=== Action item ===
The line with "Four à fusée" marks the first line to copy, and the line with "crucial mantenerlos actualizados." marks the last. Transcribe that stretch of the data below exactly, without pictures.

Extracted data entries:
########

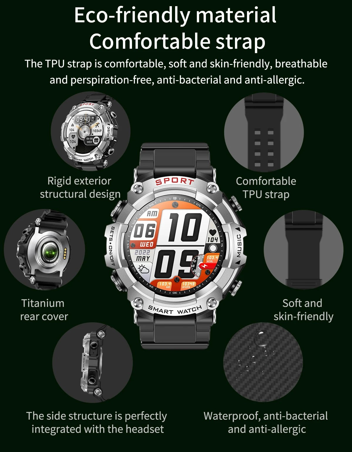 Integrated Wireless Earbuds (Watch Buds) – Built directly into the watch strap for easy access to music and calls anytime, anywhere.
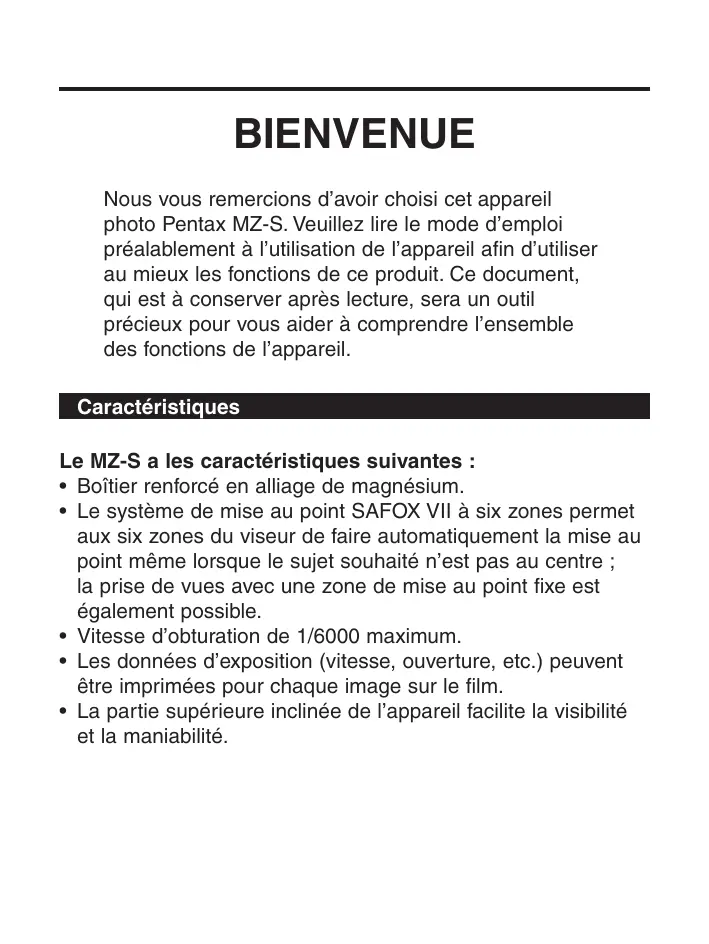 Nous vous remercions d'avoir choisi cet apparéil photo Pentax MZ-S. Veuillez dire le mode d'emploi préalablement à l'utilisation de l' apparéil afin d'utiliser au mieux les fonctions de ce produit. Ce document, qui est à conserver après lecture, sera un outil précieux pour vous aider à comprendre l'ensemble des fonctions de l' apparéil.
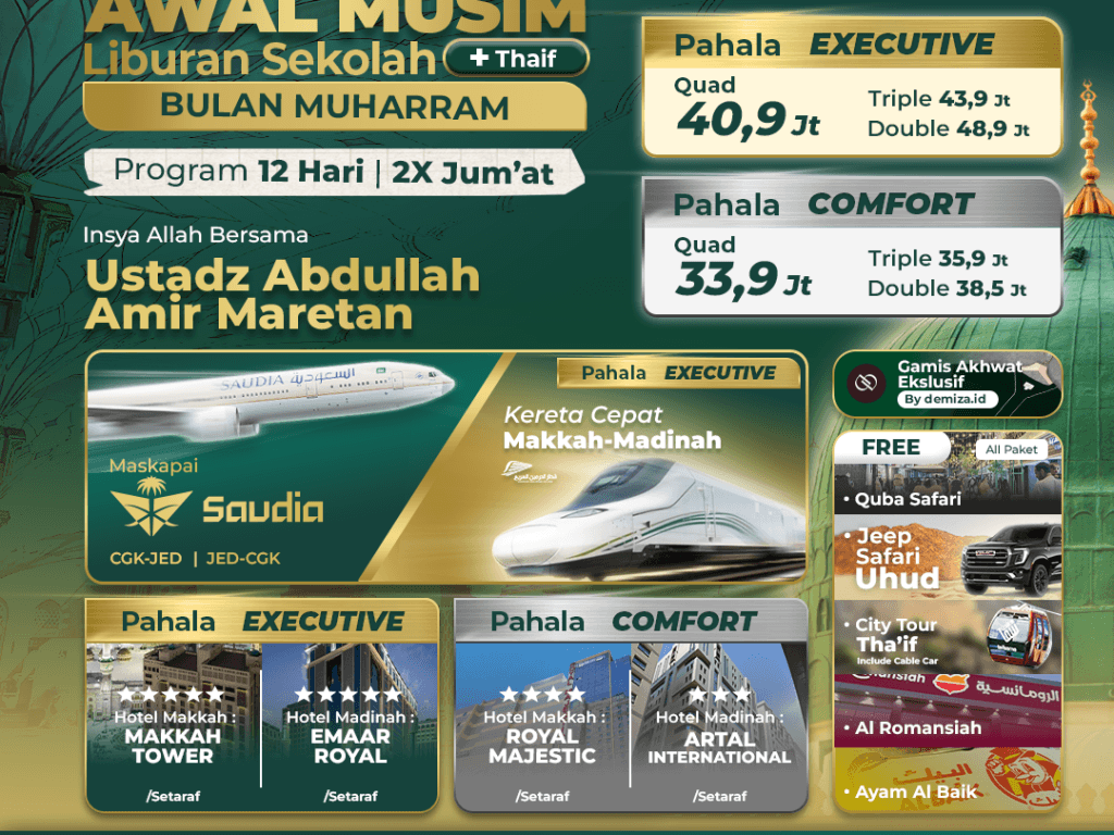 [EXECUTIVE] UMROH AWAL MUSIM BULAN HARAM 2X JUMAT (LIBURAN SEKOLAH +THA'IF) 24 JUNI 2026
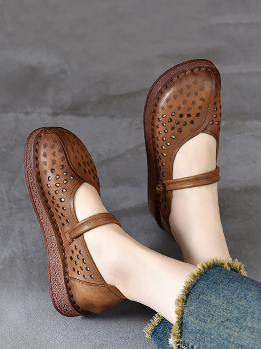 Damen Sommer Leder Solid Cutout Leder Flache Schuhe OO1018
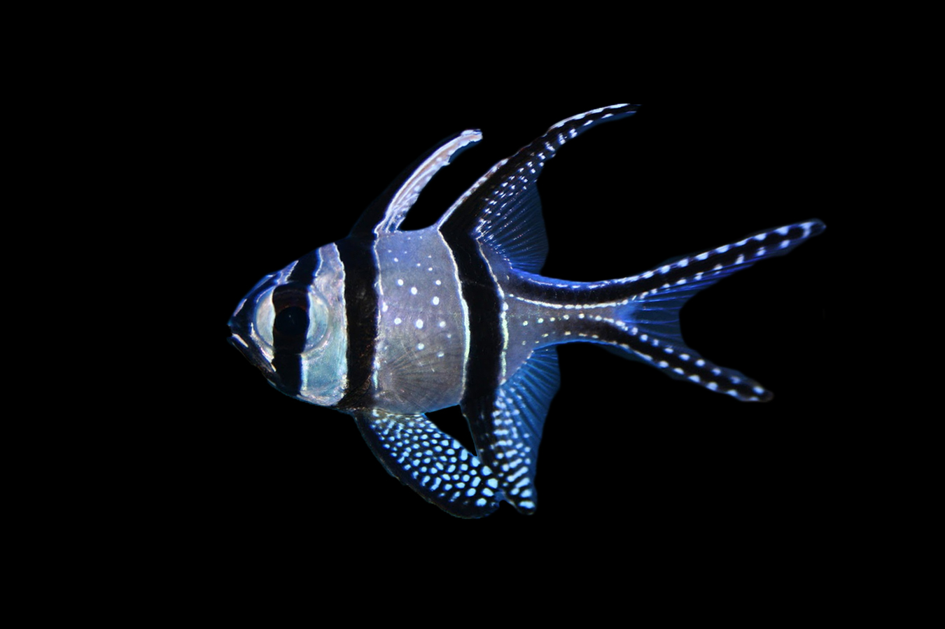 The Bangaii Cardinal is a very attractive fish with a simple yet sophisticated colour scheme and markings. Its overall body colouration is a shimmering silver, highlighted with pearly white spots. Bold, black stripes along the body accentuate the long fins.
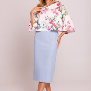 Krótka bluza oversize z dzianiny z nadrukiem to idealna propozycja na codzienne stylizacje z nutą luzu. Charakteryzuje się szerokimi rękawami o długości 3/4, które dodają jej nietuzinkowego wyglądu, oraz dekoltem w kształcie łódki, który subtelnie eksponuje ramiona. Wykonana z miękkiej dzianiny, zapewnia wygodę i komfort noszenia przez cały dzień. Bluzka została zaprojektowana i uszyta w Polsce, co gwarantuje wysoką jakość i staranność wykonania. Idealna do zestawienia z jeansami, spódnicą lub sportowymi spodniami, nadaje się zarówno na casualowe, jak i bardziej eleganckie okazje.
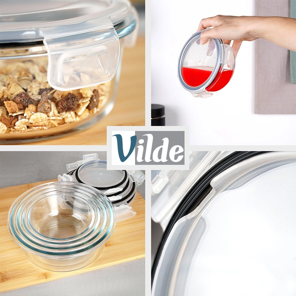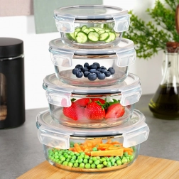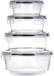 Setul de borcane din sticlă, cu patru cleme sigure și garnitură din silicon, păstrează alimentele proaspete mai mult timp și depozitate în siguranță. Sticla borosilicată de calitate este rezistentă la șocuri termice și nu absoarbe mirosuri sau culori. Recipientele sunt ideale pentru depozitare, transport și servire.
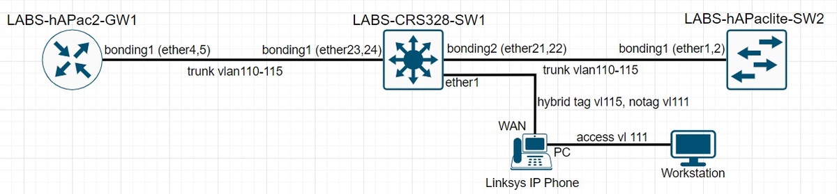 Хочу разобрать тему коммутации в mikrotik и на базе BVF и через switch chip, но не в рамках одного свитча (сферическая настройка в вакууме), а показать рабочий пример со шлюзовым роутером, уровнями дистрибуции и доступа, множеством сетей. В рамках одной статьи получается очень громоздко, потому разобью тему на три статьи: настройка BVF на коммутаторе (эта статья), настройка схемы "router on a stick" и BVF на маршрутизаторе, настройка коммутации через switch chip (но без коммутаторов сотой и двухсотой серий). Будет ещё четвёртая статья в этой серии, про настройку CAPsMAN, на базе созданной схемы коммутации.
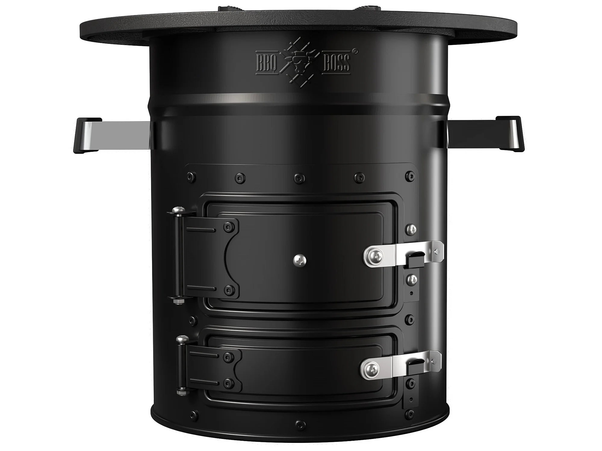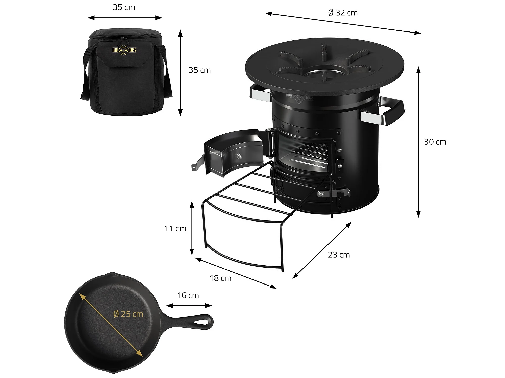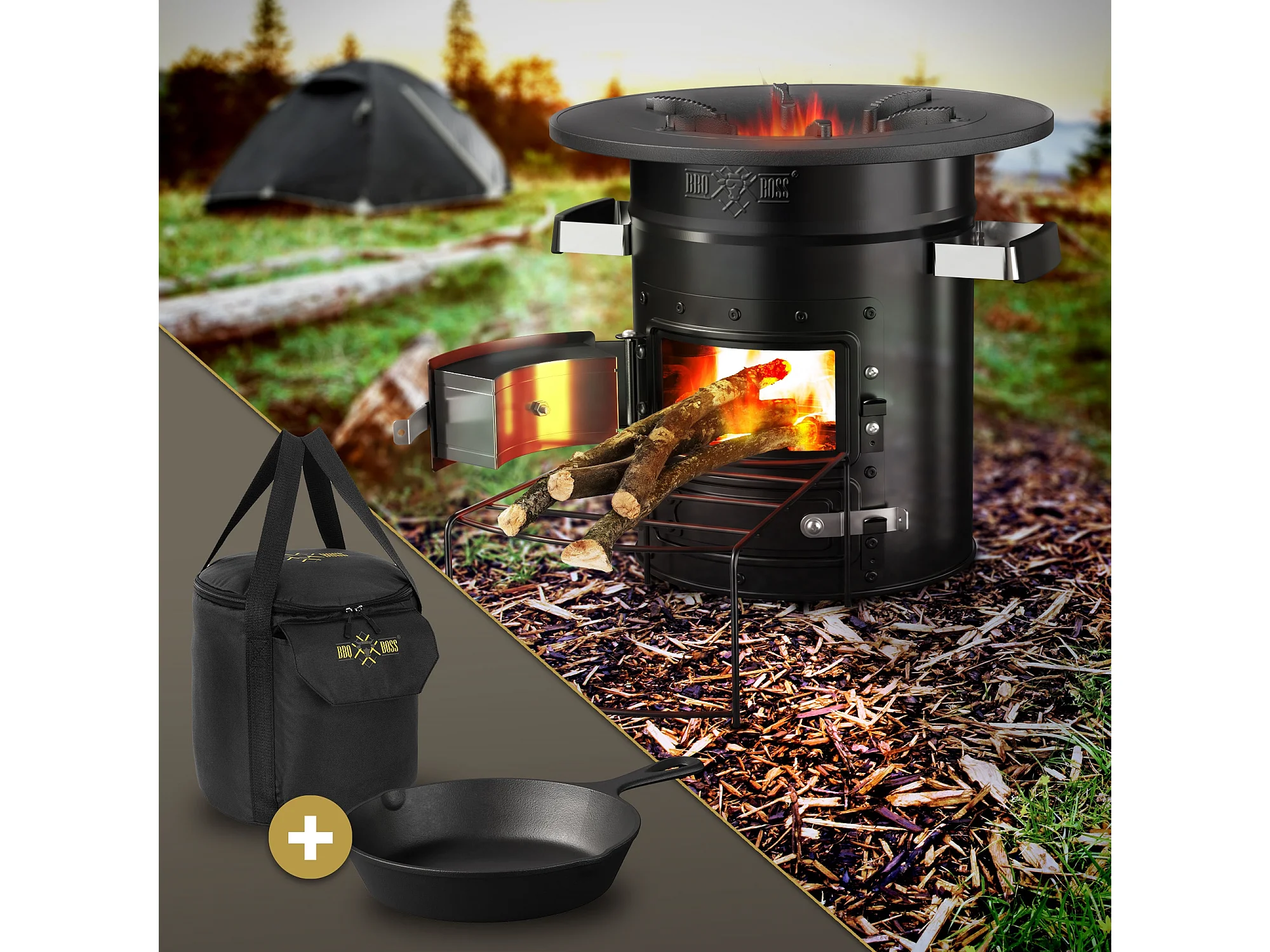 Four à fusée BBQ avec poêle en fonte grill acier noir camping +sac de transport
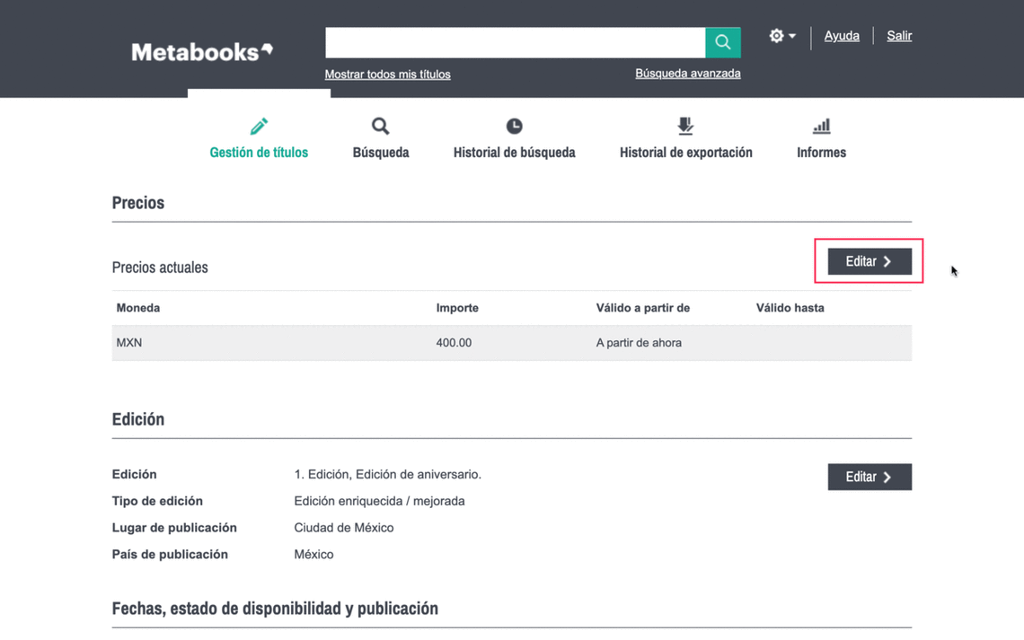 ¡Recuerda! Ambos campos, tanto el precio de venta como el estado de disponibilidad son campos obligatorios para que un título ingrese a Metabooks, pero es crucial mantenerlos actualizados.
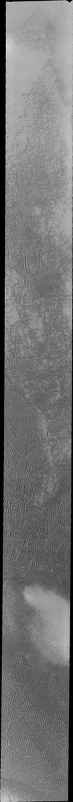 Siton Undae is a large dune field located in the northern plains near Escorial Crater. Siton Undae is west of the crater and is one of three dune fields near the crater. The nearby north polar cap is dissected by Chasma Boreale, which exposes an ice free surface. This image was collected during early spring in the northern hemisphere. The bright appearance of the dunes is due to frost cover. As the season progresses the dunes become darker as the frost disappears.
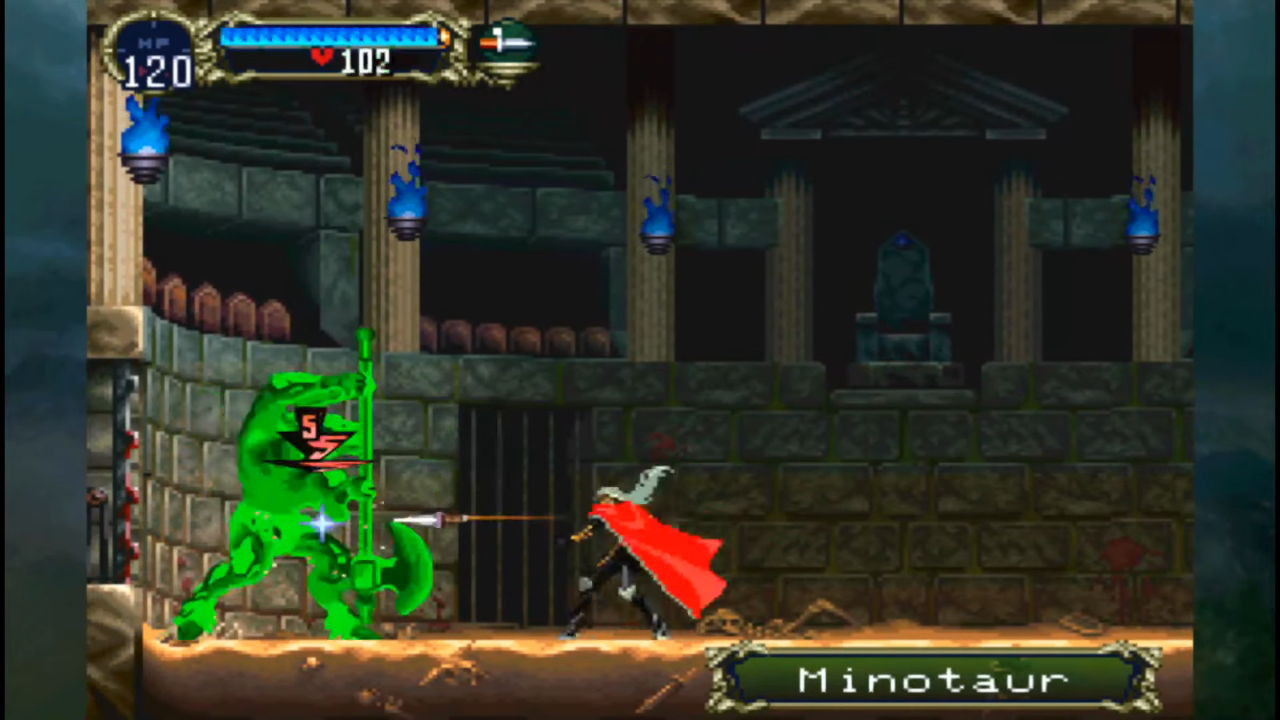 W pierwszych minutach gry praktycznie przez kolejne pomieszczenia przelatujemy, zabijając wszystko, co stanie na naszej drodze od jednego cięcia mieczem. To jednak szybko się kończy, albowiem Śmierć, będący mieszkańcem zamku, odbiera nam wszystkie moce, przedmioty użytkowe i ekwipunek. Następnie gra każde nam wrócić się tym samym korytarzem, ale to my tym razem jesteśmy na strzał dla wrogów. Gra w tym momencie staje się kilkukrotnie trudniejsza. Przeciwnicy, których wcześniej nie zauważaliśmy, stają się śmiertelnie trudni. A jak się okazuje później, gra mniej lub bardziej kontynuuje ten schemat dawania i odbierania w bardziej subtelny, ale jednak podobny sposób. Z tego też powodu początkowo się odbiłem od produkcji, lata temu. Mamy właściwie jeden typ ataku, wykonywany w pozycji stojącej, kucającej lub w trakcie skoku. Alucard ma możliwość wykonania uniku w tył oraz używania magii, którą zbiera się jako przedmioty użytkowe na poziomach. Mamy bardzo mało życia, niewiele punktów many. Chwila, w której zostajemy nadzy, jest trudna i stanowi pewien test dla tego, czy na pewno chcemy brnąć dalej — grając zdecydowanie powinniście.

########

=== Task response ===
 Four à fusée BBQ avec poêle en fonte grill acier noir camping +sac de transport
 ¡Recuerda! Ambos campos, tanto el precio de venta como el estado de disponibilidad son campos obligatorios para que un título ingrese a Metabooks, pero es crucial mantenerlos actualizados.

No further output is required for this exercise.